→ RECORDS TO USE
<<<<
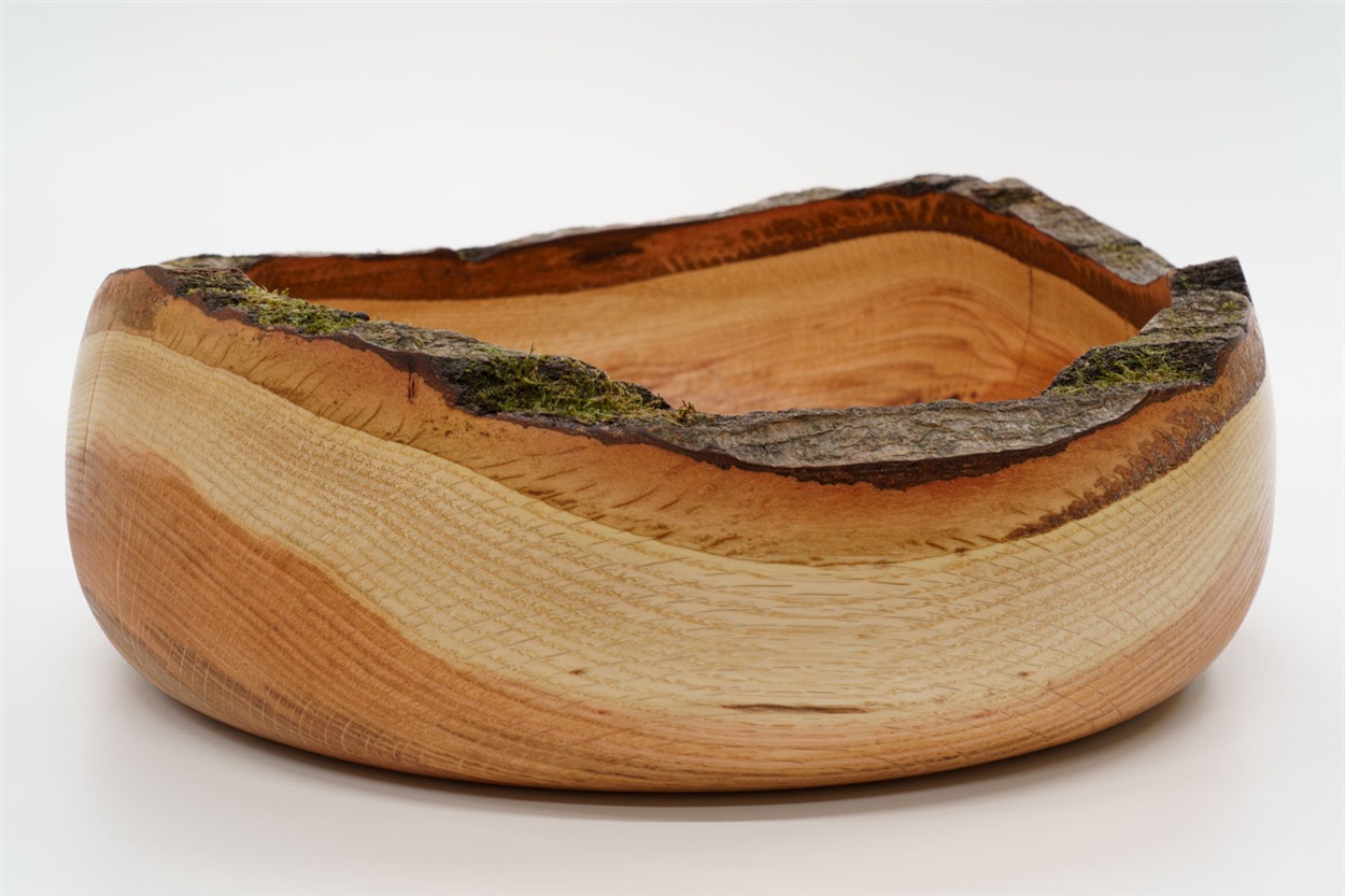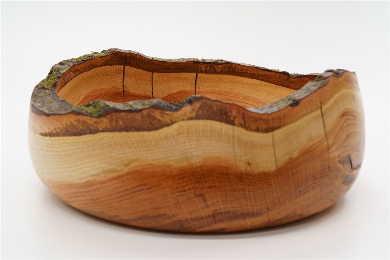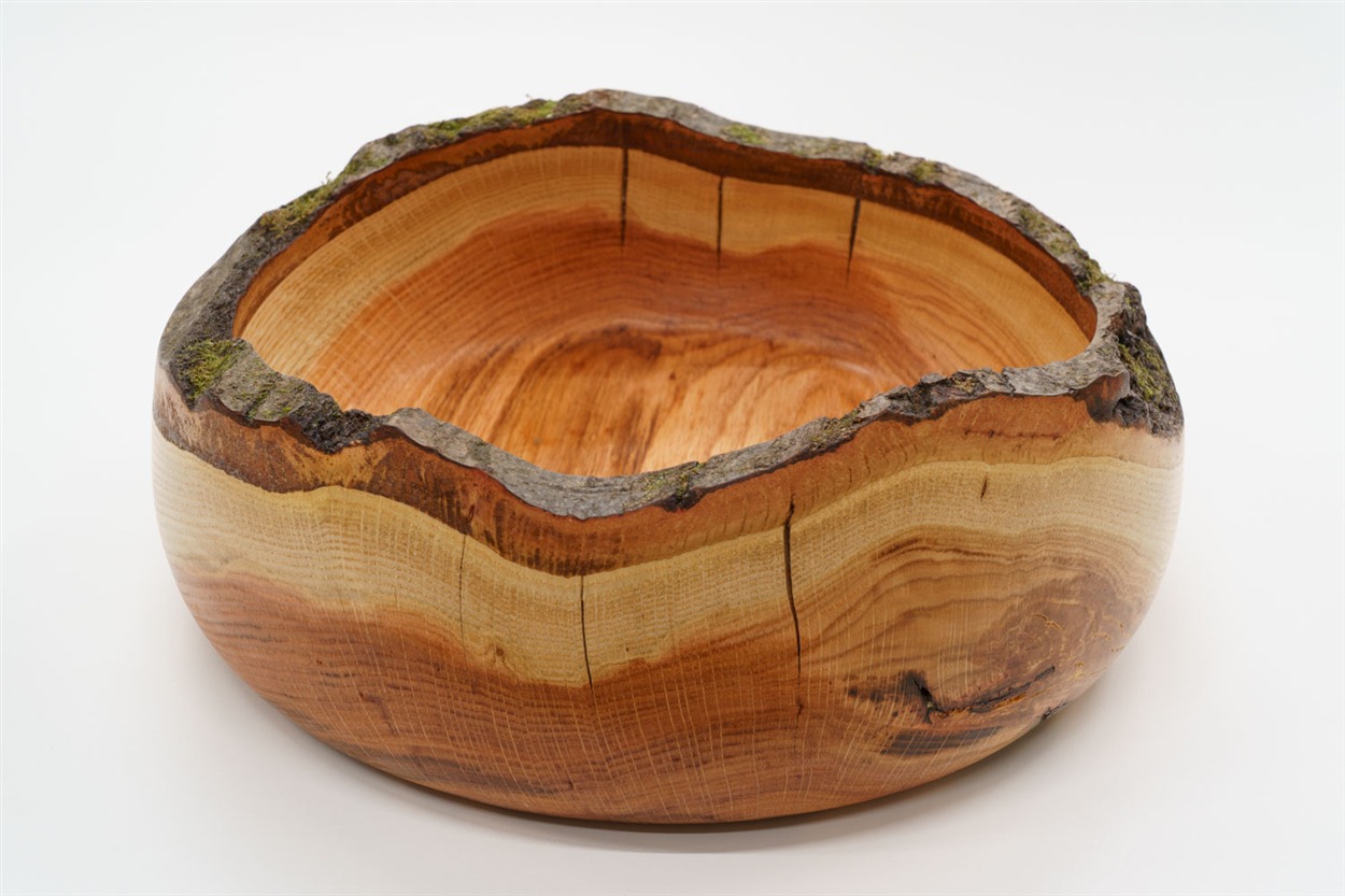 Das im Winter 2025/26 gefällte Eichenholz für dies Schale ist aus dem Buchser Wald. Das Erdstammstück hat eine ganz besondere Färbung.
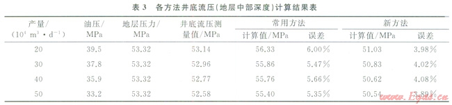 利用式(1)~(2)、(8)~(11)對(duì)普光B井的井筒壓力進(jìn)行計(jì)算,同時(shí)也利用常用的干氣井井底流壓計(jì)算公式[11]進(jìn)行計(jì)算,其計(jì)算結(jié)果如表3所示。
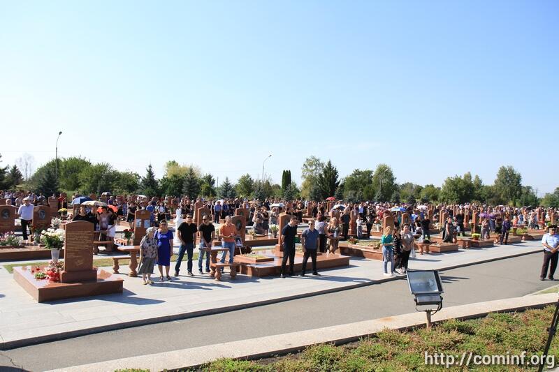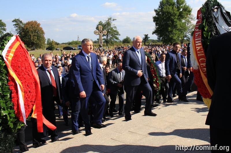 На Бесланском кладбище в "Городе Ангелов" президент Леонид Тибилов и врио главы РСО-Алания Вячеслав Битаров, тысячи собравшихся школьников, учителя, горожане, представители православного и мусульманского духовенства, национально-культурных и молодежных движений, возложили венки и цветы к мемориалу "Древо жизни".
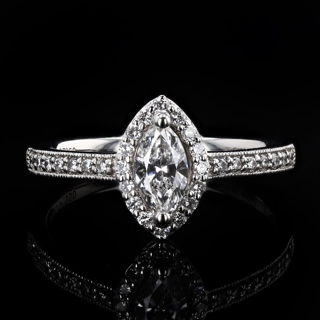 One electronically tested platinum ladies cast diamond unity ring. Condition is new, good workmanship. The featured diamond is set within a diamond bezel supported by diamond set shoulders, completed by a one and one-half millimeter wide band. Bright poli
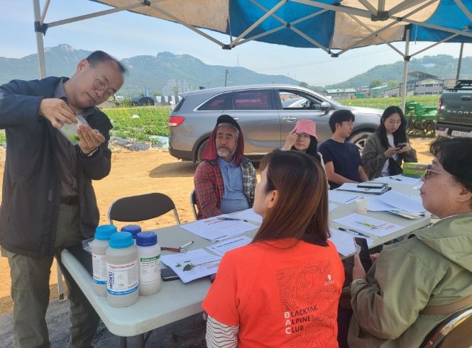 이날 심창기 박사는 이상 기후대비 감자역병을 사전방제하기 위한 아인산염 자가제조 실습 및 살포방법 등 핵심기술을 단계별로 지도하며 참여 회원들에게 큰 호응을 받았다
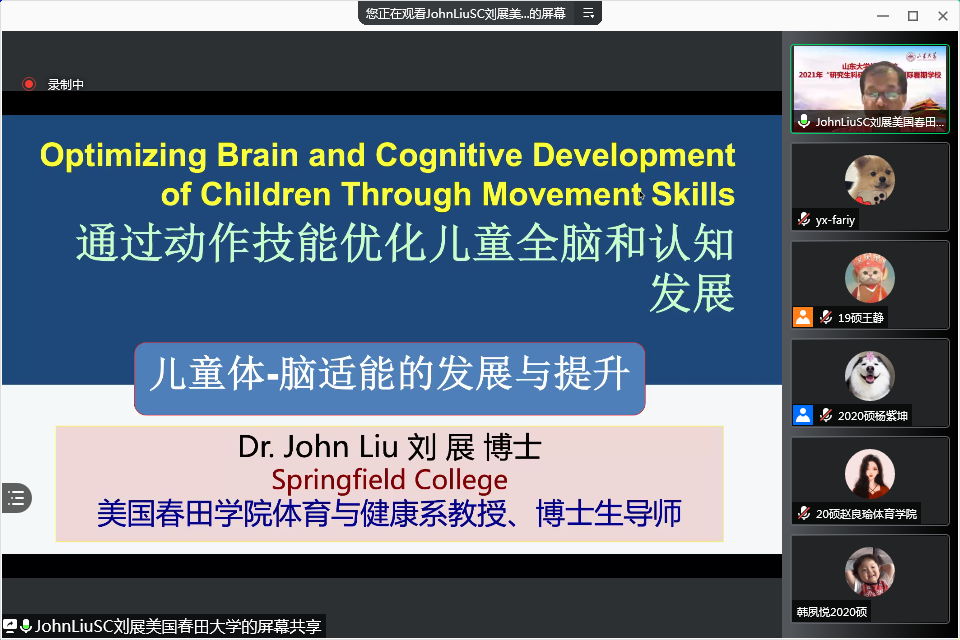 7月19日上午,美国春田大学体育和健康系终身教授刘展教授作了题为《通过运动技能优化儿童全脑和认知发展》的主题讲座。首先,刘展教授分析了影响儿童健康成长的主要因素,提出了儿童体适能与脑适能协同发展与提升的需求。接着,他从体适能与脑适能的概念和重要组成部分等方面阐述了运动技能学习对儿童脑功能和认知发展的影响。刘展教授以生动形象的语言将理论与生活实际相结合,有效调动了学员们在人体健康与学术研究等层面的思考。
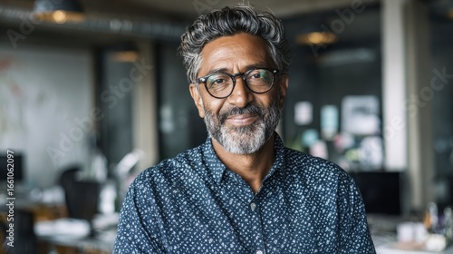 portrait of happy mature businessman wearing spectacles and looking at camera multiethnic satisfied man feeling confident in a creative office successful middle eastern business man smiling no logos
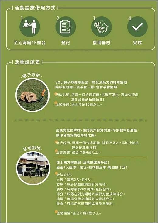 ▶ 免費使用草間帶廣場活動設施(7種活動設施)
>>>>
Begin at the first line of the listing and print each line exactly. Stop after the line containing "利用式(1)~(2)、(8)", and omit all pictures.

→ SOLUTION
 Das im Winter 2025/26 gefällte Eichenholz für dies Schale ist aus dem Buchser Wald. Das Erdstammstück hat eine ganz besondere Färbung.
 利用式(1)~(2)、(8)~(11)對(duì)普光B井的井筒壓力進(jìn)行計(jì)算,同時(shí)也利用常用的干氣井井底流壓計(jì)算公式[11]進(jìn)行計(jì)算,其計(jì)算結(jié)果如表3所示。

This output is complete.